Results And Discussion

Dystroglycan interacts with MEK

In a yeast two‐hybrid screen against a HeLa cell library, using the cytoplasmic tail of β‐dystroglycan as bait, we identified two independent full‐length clones corresponding to the MAP kinase kinase 2 (MEK2) out of a total of 29 verified positive hits from 106 clones screened. To substantiate the yeast two‐hybrid interaction by other means, we overexpressed haemagglutinin (HA)‐tagged MEK1 and MEK2 in Cos‐7 cells and subjected lysates from these cells to pull‐down experiments with either glutathione‐S‐transferase (GST) or GST‐dystroglycan cytoplasmic domain (GST‐DG) (Fig 1). As can be seen, GST‐DG was able to pull down specifically HA‐MEK1 and HA‐MEK2 from these extracts, suggesting a bona fide interaction between these two proteins. It has recently been suggested that in certain cells dystroglycan can act antagonistically to other adhesion molecules, such as integrins, and suppresses the activation of downstream kinase cascades (Ferletta et al, 2003). Dystroglycan was able to suppress the activation of the ERK–MAP kinase cascade induced by the interaction of integrin α6β1 with laminin (Ferletta et al, 2003), suggesting the possibility of an interaction between β‐dystroglycan and components of the ERK–MAP kinase cascade. The direct interaction of dystroglycan with MEK might be sufficient to sequester and inactivate or prevent the activation of MEK and therefore reduce the activity of its downstream kinase ERK. Furthermore, it has previously been reported that the SH2/SH3 adaptor protein Grb2 also associates with β‐dystroglycan (Yang et al, 1995; Russo et al, 2000). Grb2 is capable of linking SOS (Son of Sevenless), a guanine nucleotide exchange factor for Ras and the upstream activator of the Raf–MEK–ERK–MAP kinase cascade, to membrane receptors (Lowenstein et al, 1992; Buday & Downward, 1993; Egan et al, 1993). We have been unable to demonstrate any association between β‐dystroglycan and SOS by immunoprecipitation (S.J. Winder, unpublished observations), and it remains unclear as to what the potential binding partner for Grb2 might be.
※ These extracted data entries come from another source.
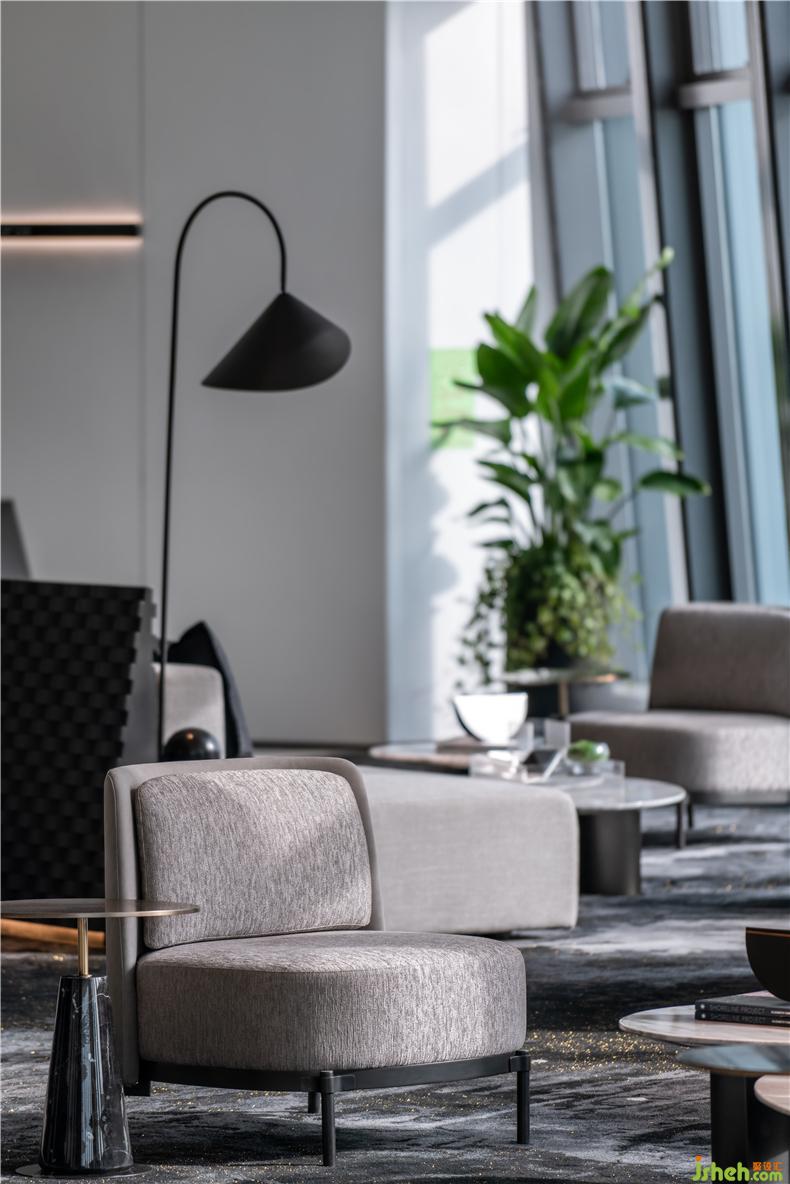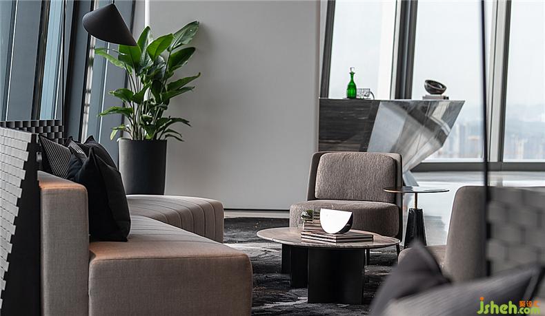 沙發(fā)分組擺放,形成小氛圍洽談空間,家具的選擇與配色簡約典雅,辦公室設(shè)計呈現(xiàn)穩(wěn)重寧靜之感。營造舒適感之外,設(shè)計師亦考究細節(jié),為空間添加亮點。如黑灰色地毯藏有金絲細線,隨光線變化,泛起金沙點點;沙發(fā)背部設(shè)有馬賽克屏風(fēng)靠背,黑色木刻凹凸格紋質(zhì)地,營造半私密間隔氛圍,增加洽談儀式感。
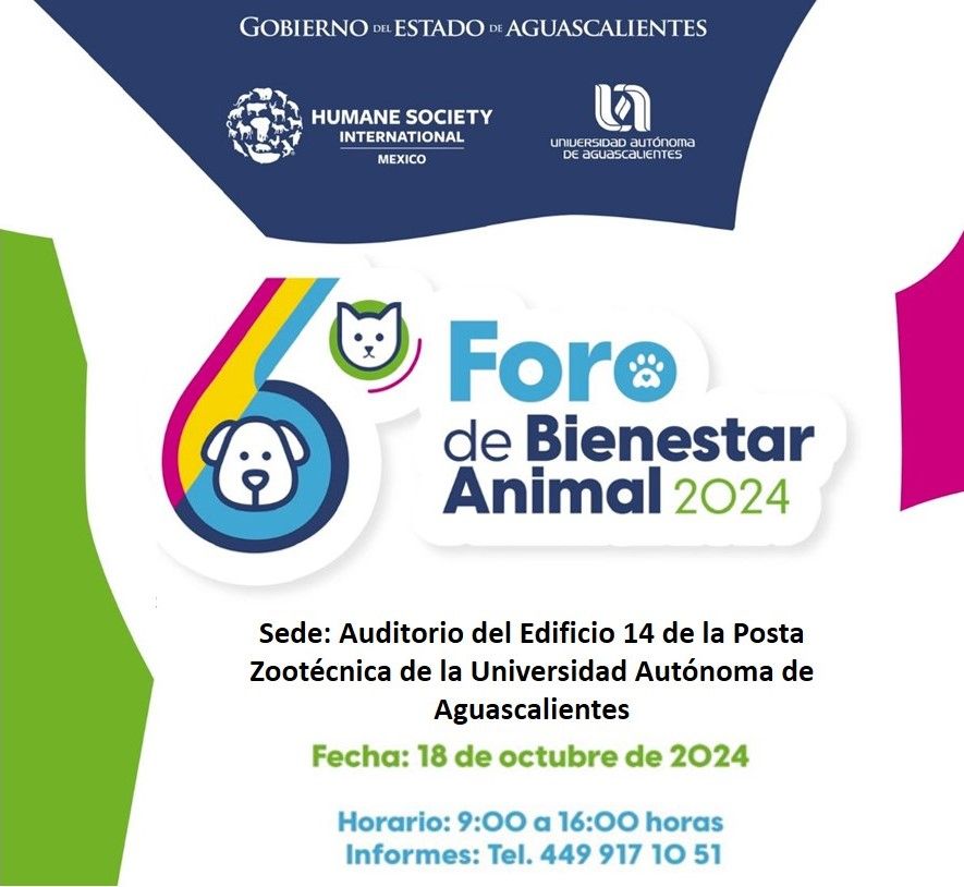 El Gobierno del Estado de Aguascalientes, a través de la Procuraduría Estatal de Protección al Ambiente (Proespa), la Humane Society International (HSI) y la Universidad Autónoma de Aguascalientes (UAA) invitan al público en general a participar en el 6.º Foro de Bienestar Animal 2024.
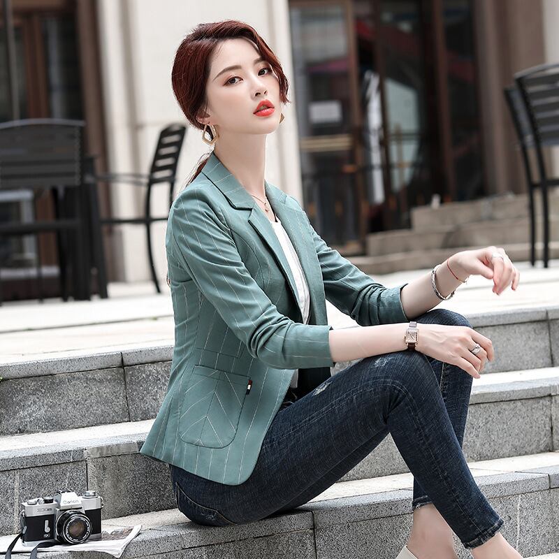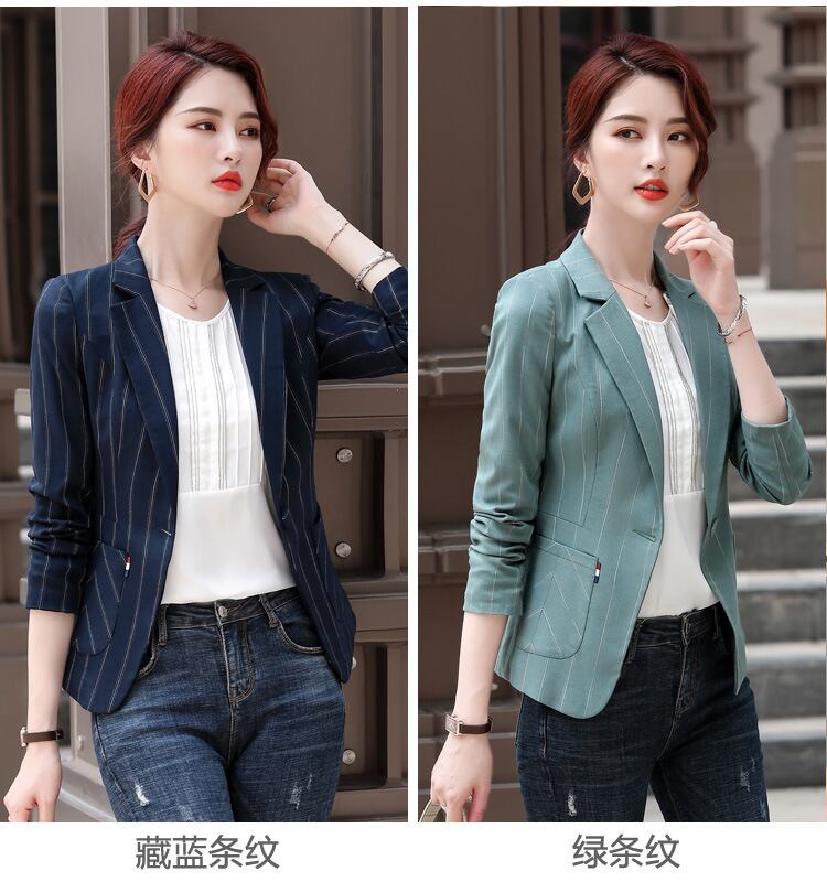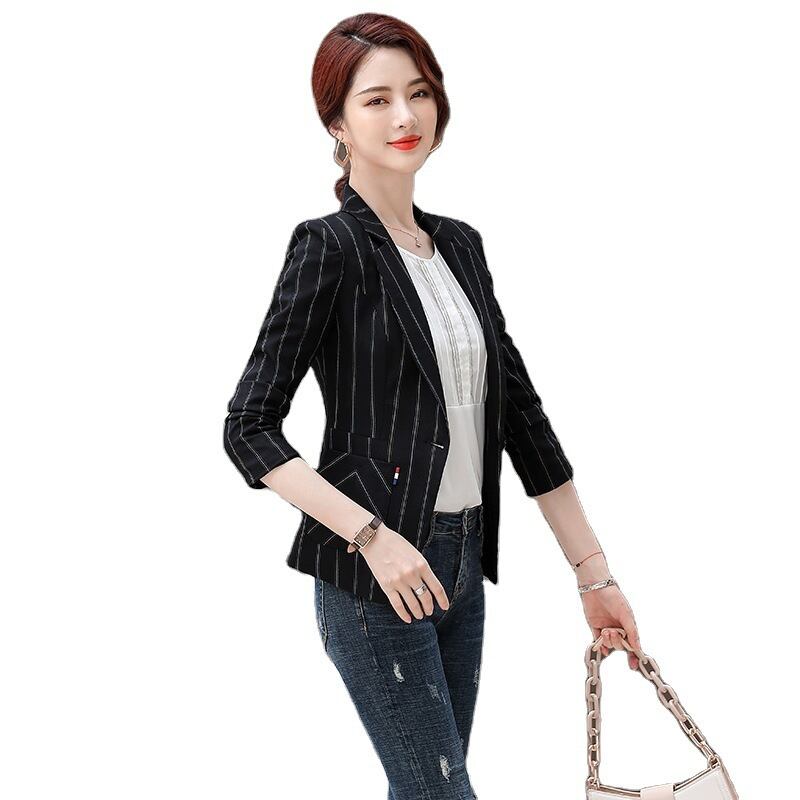 【新作】【送料無料】 小さな新鮮なハイウエストスリムスモールスーツジャケット2020秋と冬の新しい女性のストライプショートスタイル香港スタイルの薄いスーツ-アリババ オータム 秋物 ウィンター 冬物 12b310590496317
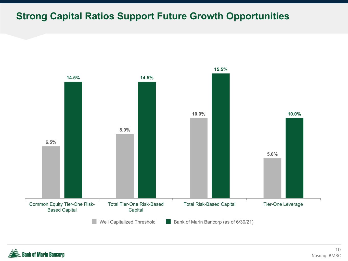 Strong Capital Ratios Support Future Growth Opportunities 10 Nasdaq: BMRC 6.5% 8.0% 10.0% 5.0% 14.5% 14.5% 15.5% 10.0% Well Capitalized Threshold Bank of Marin Bancorp (as of 6/30/21) Common Equity Tier-One Risk- Based Capital Total Tier-One Risk-Based Capital Total Risk-Based Capital Tier-One Leverage
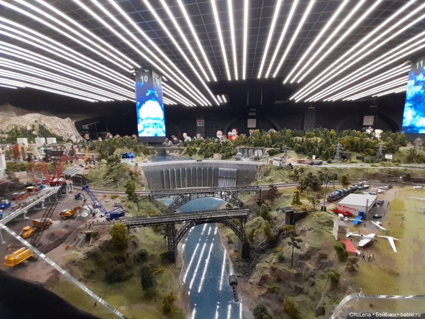 Целый пейзаж с домиками, мельницами, водонапорными башнями и железной дорогой. Оплачиваешь, и начинают паровозики ездить. Красота!
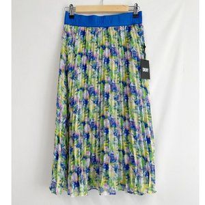 NWT DKNY Womens Floral Printed Pull On Midi Pleated Skirt Logo Waist Band Blue size S. MSRP 109
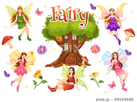 Beautiful Flying Fairy Illustration with Elf, Landscape Tree and Green Grass in Flat Cartoon Hand Drawn for Web Banner or Landing Page Templates
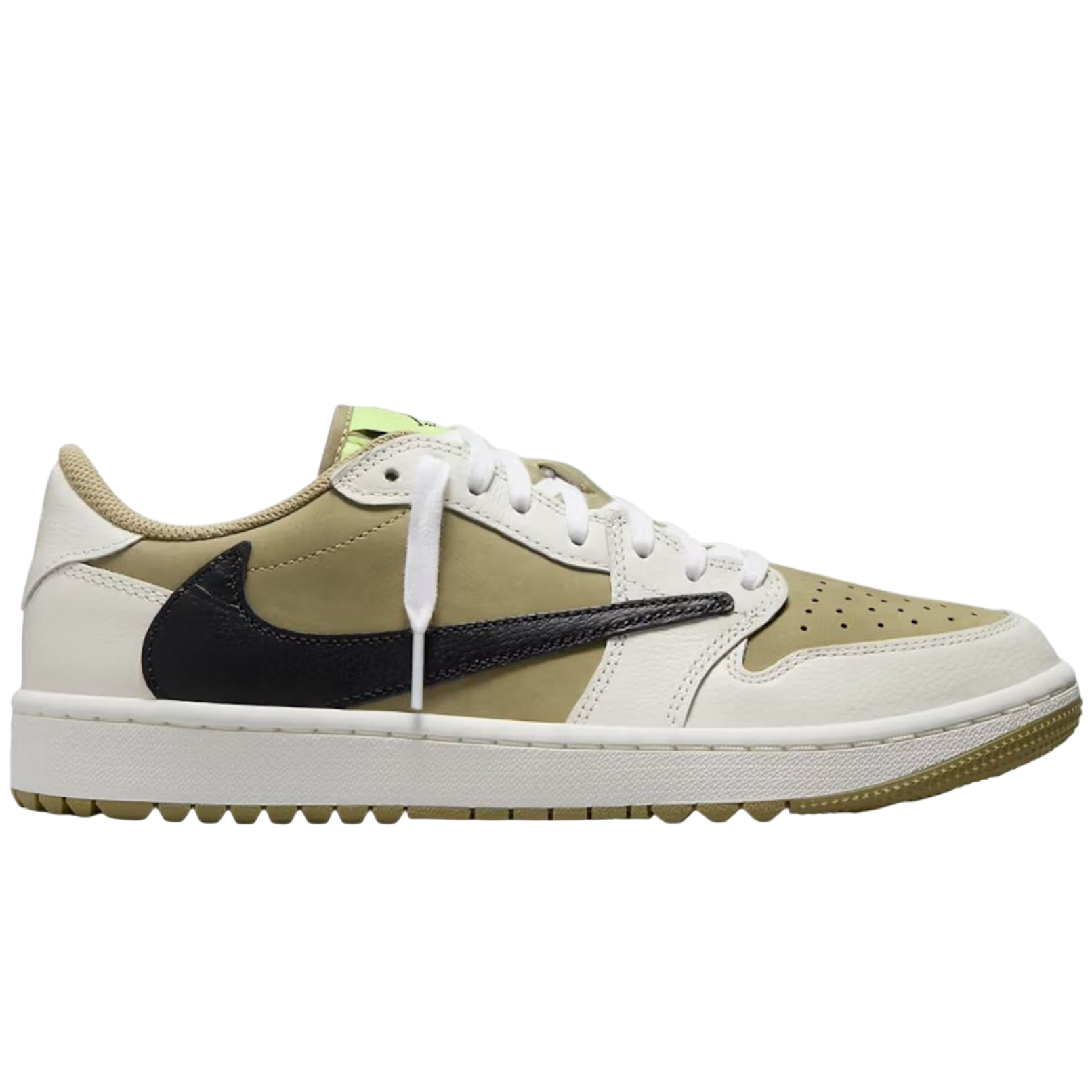 Кроссовки Travis Scott x Air Jordan 1 Low Golf Natural Olive представляют собой элегантное и инновационное сотрудничество между известным рэп-исполнителем и легендарным брендом Jordan. Эта модель, разработанная специально для гольфа, сочетает в себе культовый дизайн Air Jordan 1 с функциональностью и комфортом для игры в гольф.
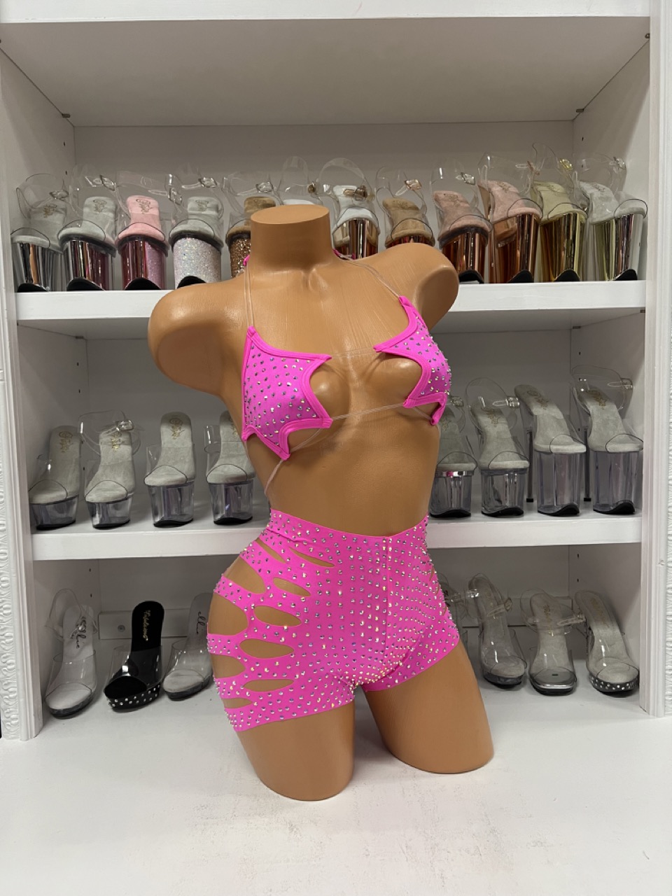 Starlight Rhinestone Cut-Out Set - Hot Pink Two Piece Outfit
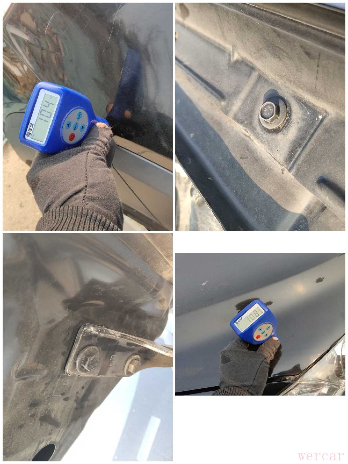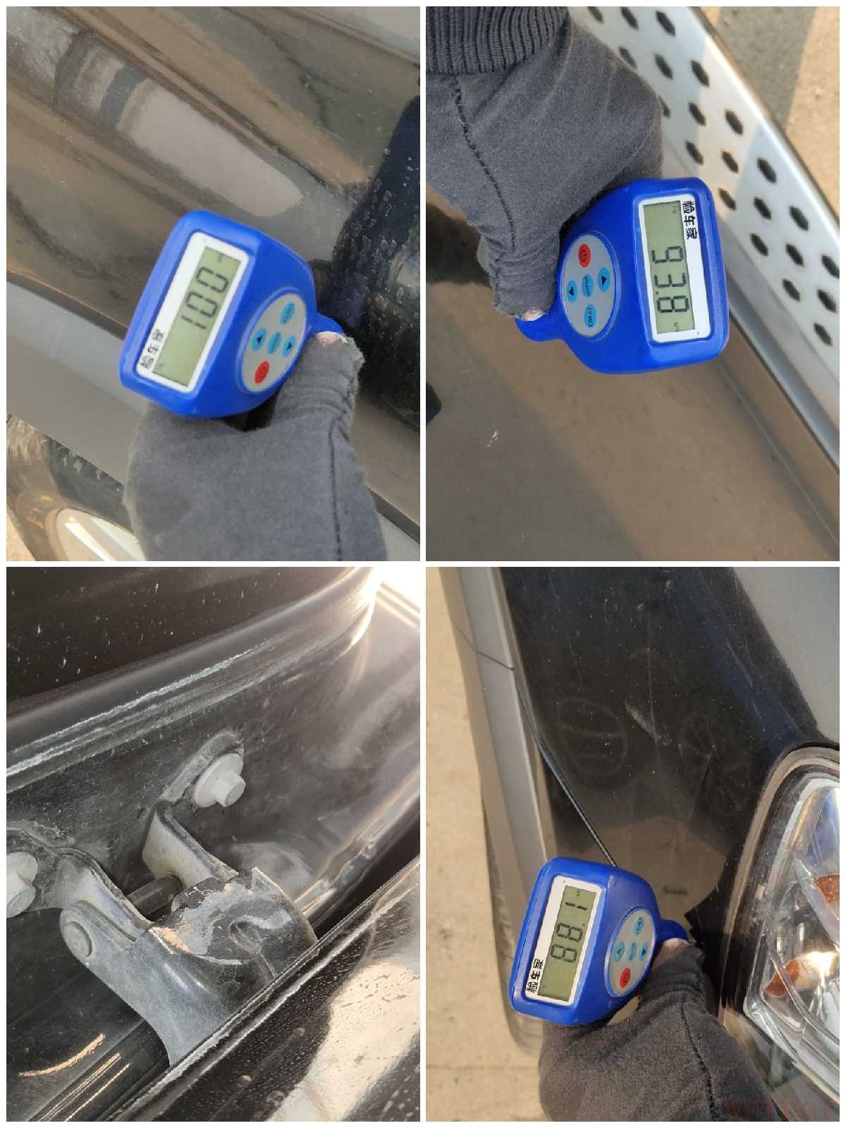 右面一侧也是没有任何的补漆和拆卸痕迹!整个车身外观检测完毕,除了前后有补漆修复外,其它地方都是原车漆的状态,就是划痕有点多!

Nevertheless, previous published data and our finding that MEK associates with dystroglycan suggest a potential mechanism whereby dystroglycan may modulate adhesion‐mediated signalling from integrins to the ERK–MAP kinase cascade.

Figure 1.

Interaction of MEK with β‐dystroglycan. (A) Coomassie‐stained gel of purified GST and GST‐DG; Mr represents molecular mass markers. (B) Extracts from Cos‐7 cells expressing HA‐tagged MEK1 or MEK2 were incubated with either GST alone or GST‐DG. GST alone was unable to pull down either HA‐tagged MEK1 or MEK2 (lanes 1 and 2), whereas GST‐DG was able to pull down both HA‐MEK1 and MEK2 (lanes 3 and 4).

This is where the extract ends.